Exercise:
For this exercise, copy exactly only the lines from the one containing "3、点击【是,启动强制保护】,弹出对话框后,设置一个密码,然后保存文档;" to the final line of the material below, without the pictures.
** Source data follows **
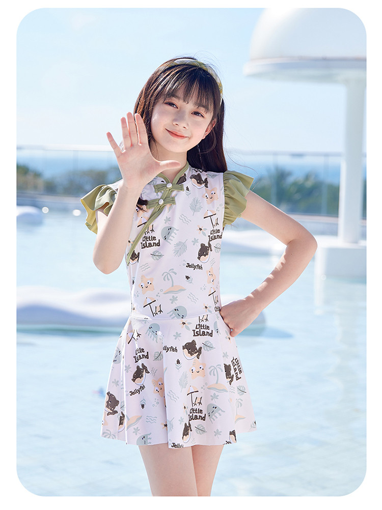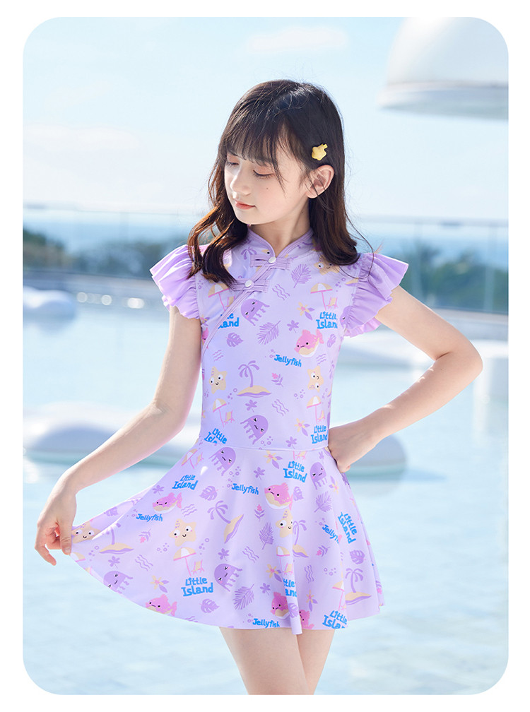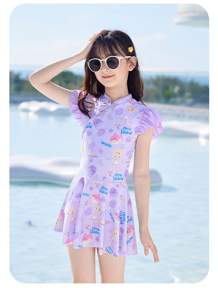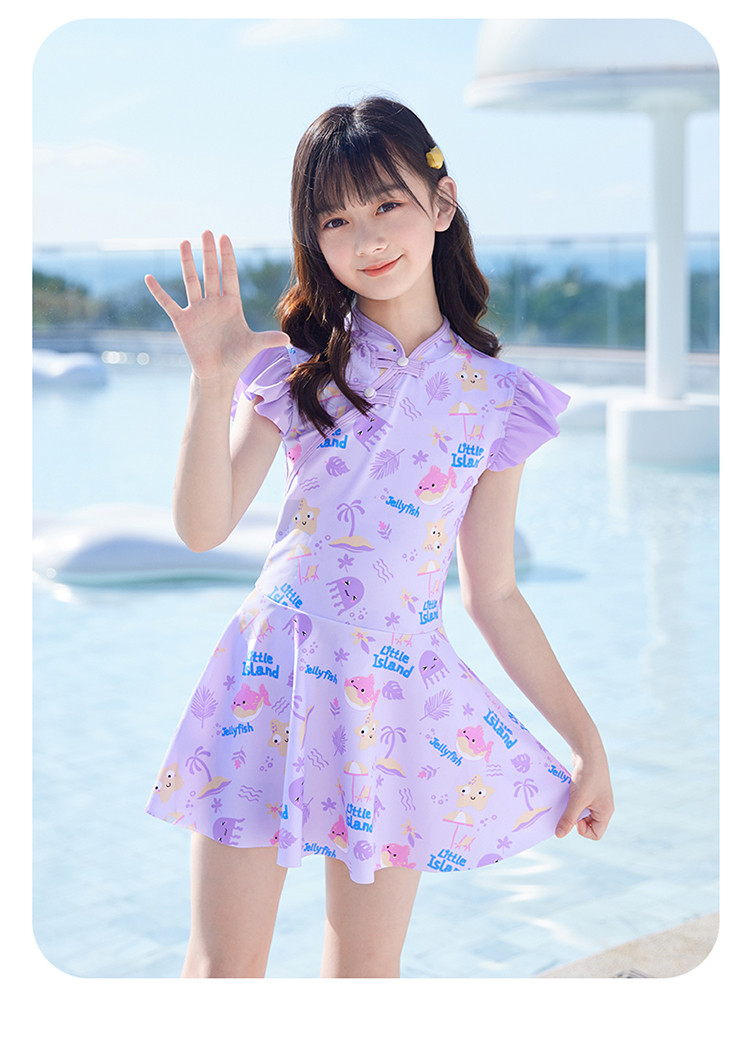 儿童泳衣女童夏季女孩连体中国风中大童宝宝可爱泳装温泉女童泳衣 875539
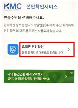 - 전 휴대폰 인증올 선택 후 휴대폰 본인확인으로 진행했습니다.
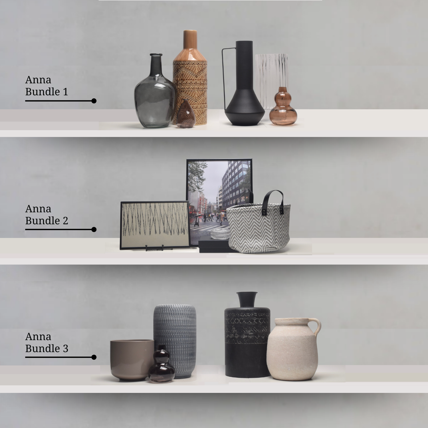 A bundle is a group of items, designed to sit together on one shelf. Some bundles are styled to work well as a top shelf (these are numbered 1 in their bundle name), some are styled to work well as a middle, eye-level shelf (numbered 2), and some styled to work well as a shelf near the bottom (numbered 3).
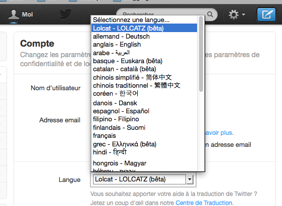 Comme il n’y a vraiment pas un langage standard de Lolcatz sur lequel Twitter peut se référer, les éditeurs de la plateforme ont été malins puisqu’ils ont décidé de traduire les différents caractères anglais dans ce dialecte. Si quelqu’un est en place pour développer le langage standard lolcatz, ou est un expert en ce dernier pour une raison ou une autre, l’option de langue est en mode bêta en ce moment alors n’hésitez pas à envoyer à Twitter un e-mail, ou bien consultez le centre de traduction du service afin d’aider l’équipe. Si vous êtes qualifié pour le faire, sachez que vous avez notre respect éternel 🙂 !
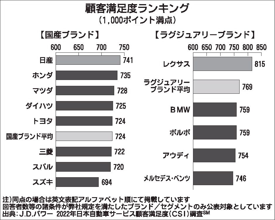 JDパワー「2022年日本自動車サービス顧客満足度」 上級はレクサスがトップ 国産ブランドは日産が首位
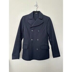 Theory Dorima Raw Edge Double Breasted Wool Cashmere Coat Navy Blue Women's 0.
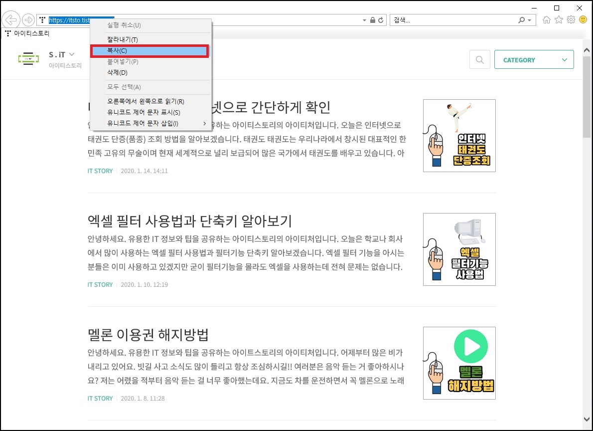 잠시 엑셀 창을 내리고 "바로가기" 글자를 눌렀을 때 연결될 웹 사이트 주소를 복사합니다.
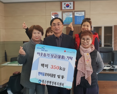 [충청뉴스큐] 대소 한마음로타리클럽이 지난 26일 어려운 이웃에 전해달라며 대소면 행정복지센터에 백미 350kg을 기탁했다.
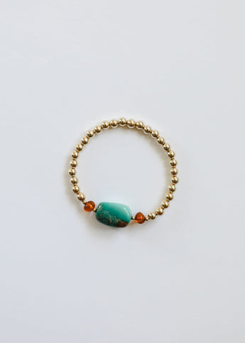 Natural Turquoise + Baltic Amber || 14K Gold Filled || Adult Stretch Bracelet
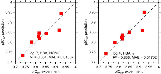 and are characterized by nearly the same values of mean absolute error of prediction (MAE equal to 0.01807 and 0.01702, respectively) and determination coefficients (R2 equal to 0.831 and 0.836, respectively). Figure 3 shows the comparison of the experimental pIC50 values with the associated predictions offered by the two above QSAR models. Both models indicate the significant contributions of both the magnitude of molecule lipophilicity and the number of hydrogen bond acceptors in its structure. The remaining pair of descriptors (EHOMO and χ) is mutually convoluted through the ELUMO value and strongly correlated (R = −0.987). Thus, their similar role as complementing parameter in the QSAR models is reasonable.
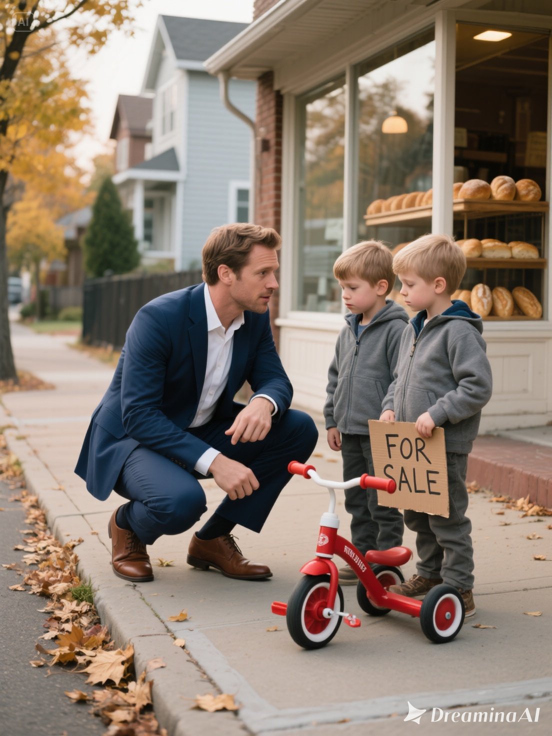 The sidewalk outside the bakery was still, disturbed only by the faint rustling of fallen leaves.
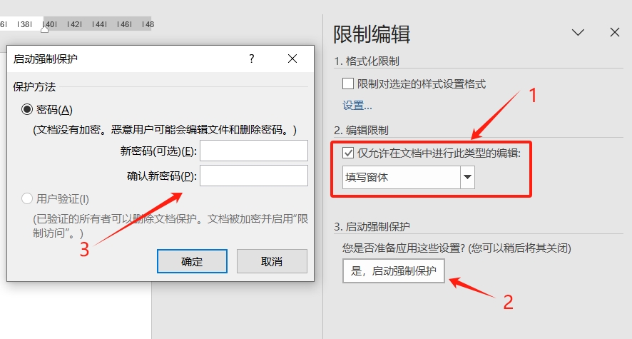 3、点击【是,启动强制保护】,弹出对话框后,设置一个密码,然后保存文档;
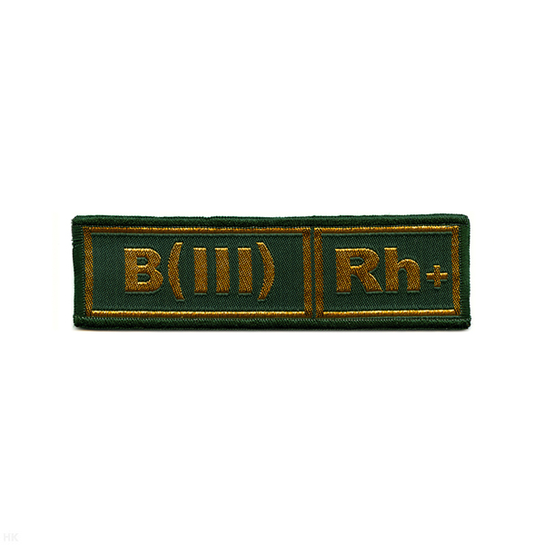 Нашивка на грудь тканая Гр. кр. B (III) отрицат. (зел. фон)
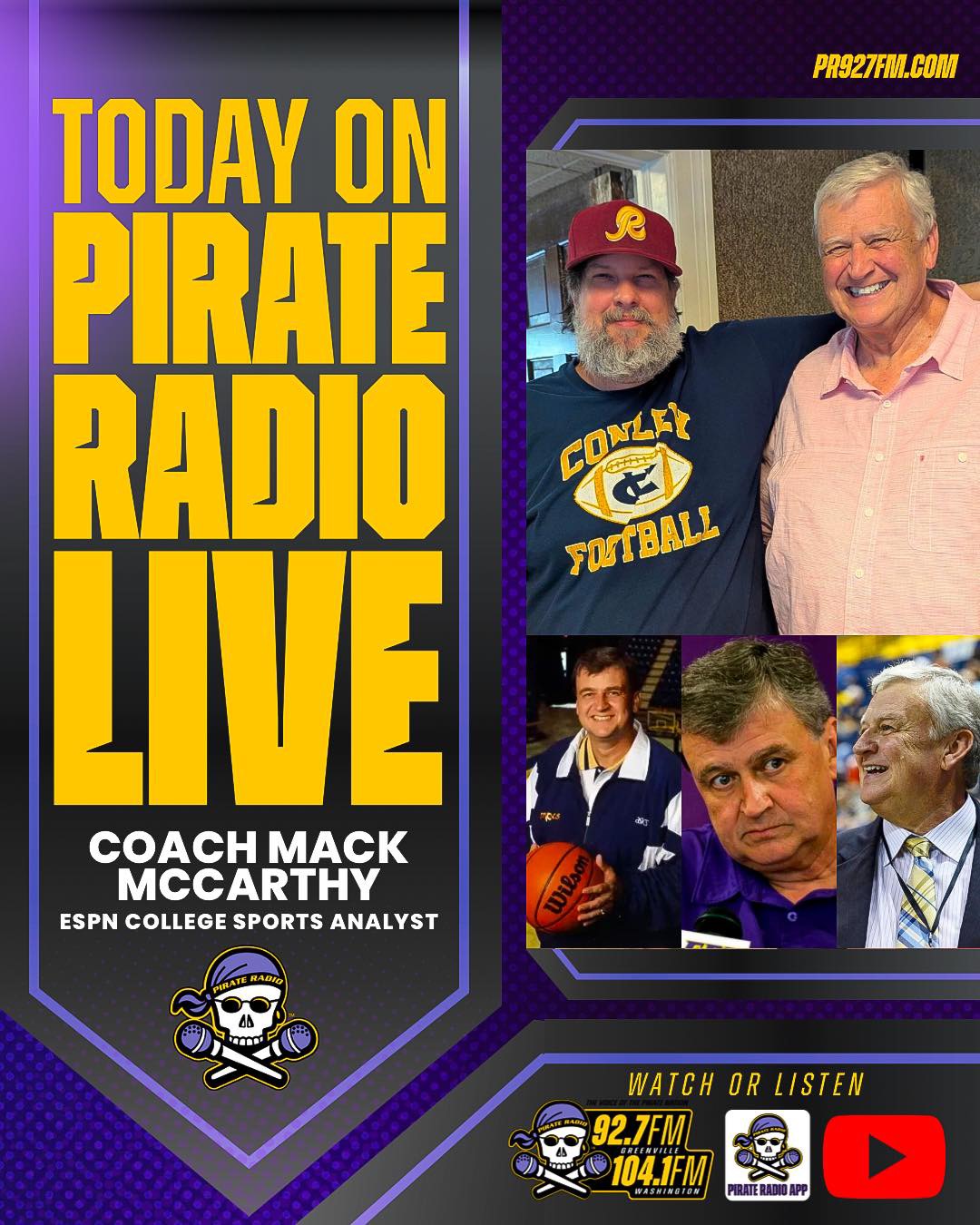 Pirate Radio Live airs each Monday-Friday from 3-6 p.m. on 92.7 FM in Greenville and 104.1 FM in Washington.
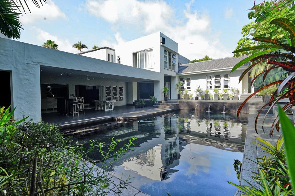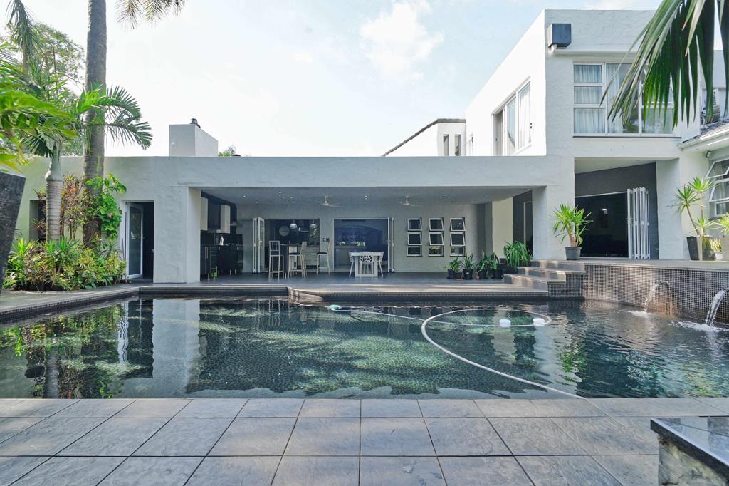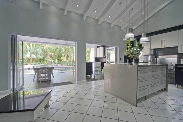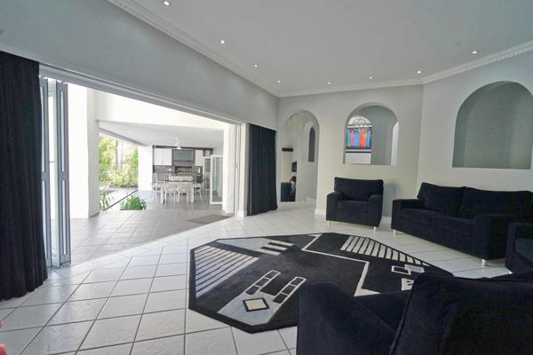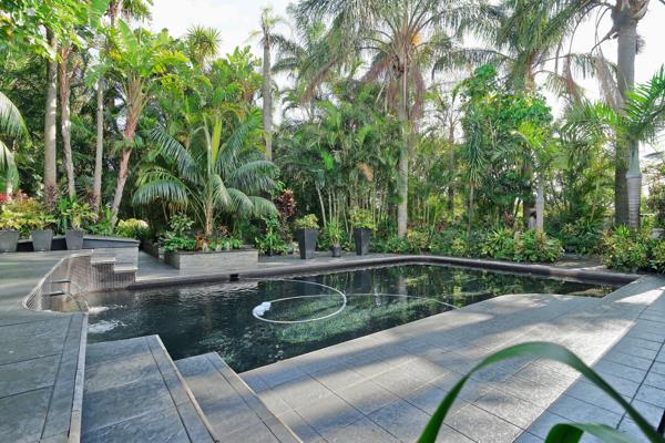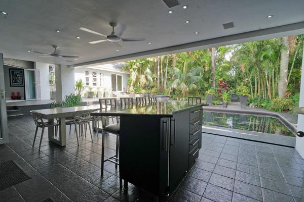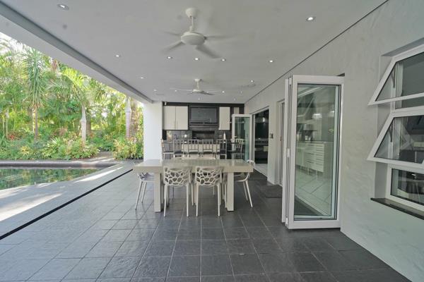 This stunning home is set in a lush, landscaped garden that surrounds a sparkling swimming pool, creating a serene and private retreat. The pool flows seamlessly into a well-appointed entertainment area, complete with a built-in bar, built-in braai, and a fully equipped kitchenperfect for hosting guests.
** End of Source data **
Task solution:
 3、点击【是,启动强制保护】,弹出对话框后,设置一个密码,然后保存文档;
 Нашивка на грудь тканая Гр. кр. B (III) отрицат. (зел. фон)
 Pirate Radio Live airs each Monday-Friday from 3-6 p.m. on 92.7 FM in Greenville and 104.1 FM in Washington.
 This stunning home is set in a lush, landscaped garden that surrounds a sparkling swimming pool, creating a serene and private retreat. The pool flows seamlessly into a well-appointed entertainment area, complete with a built-in bar, built-in braai, and a fully equipped kitchenperfect for hosting guests.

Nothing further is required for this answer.